Input data:
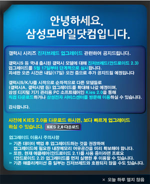 ... 지난 16일, 삼성전자는 자사의 삼성모바일닷컴을 통해 자사의 스마트폰 모델인 갤럭시 모델의 OS업그레이드 세부일정을 밝혔다. 갤럭시S 를 포함해 국내 출시된 갤럭시 모델에 대한 버전업 개념의 이번 업그레이드는 자사의 재택 업그레이드 프로그램 KIES2. 0을 통해 누구나 손
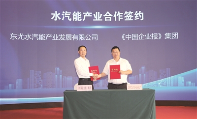 | 中国电子节能技术协会副理事长黄国和(右)与《中国企业报》集团副总裁刘海洋代表双方单位签约 |
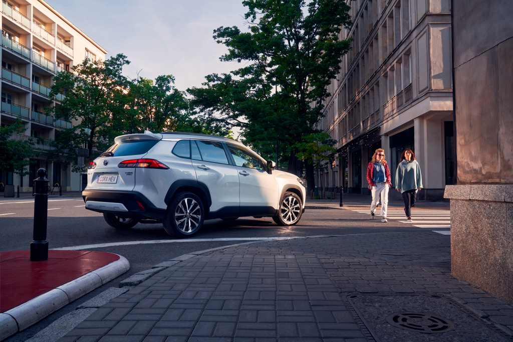 Corolla Cross mide 4.460 mm de longitud, 1.825 mm de ancho y 1.620 mm de alto, y tiene una distancia entre ejes de 2.640 mm. Por tamaño, se sitúa entre el Toyota C-HR y el Toyota RAV4, en el centro del competido segmento C en Europa, ofreciendo el confort, la funcionalidad y la versatilidad que necesitan las familias activas con hijos pequeños.

Exercise: Transcribe the listing in full. Omit the pictures and keep every line exact.

Finished task:
 ... 지난 16일, 삼성전자는 자사의 삼성모바일닷컴을 통해 자사의 스마트폰 모델인 갤럭시 모델의 OS업그레이드 세부일정을 밝혔다. 갤럭시S 를 포함해 국내 출시된 갤럭시 모델에 대한 버전업 개념의 이번 업그레이드는 자사의 재택 업그레이드 프로그램 KIES2. 0을 통해 누구나 손
 | 中国电子节能技术协会副理事长黄国和(右)与《中国企业报》集团副总裁刘海洋代表双方单位签约 |
 Corolla Cross mide 4.460 mm de longitud, 1.825 mm de ancho y 1.620 mm de alto, y tiene una distancia entre ejes de 2.640 mm. Por tamaño, se sitúa entre el Toyota C-HR y el Toyota RAV4, en el centro del competido segmento C en Europa, ofreciendo el confort, la funcionalidad y la versatilidad que necesitan las familias activas con hijos pequeños.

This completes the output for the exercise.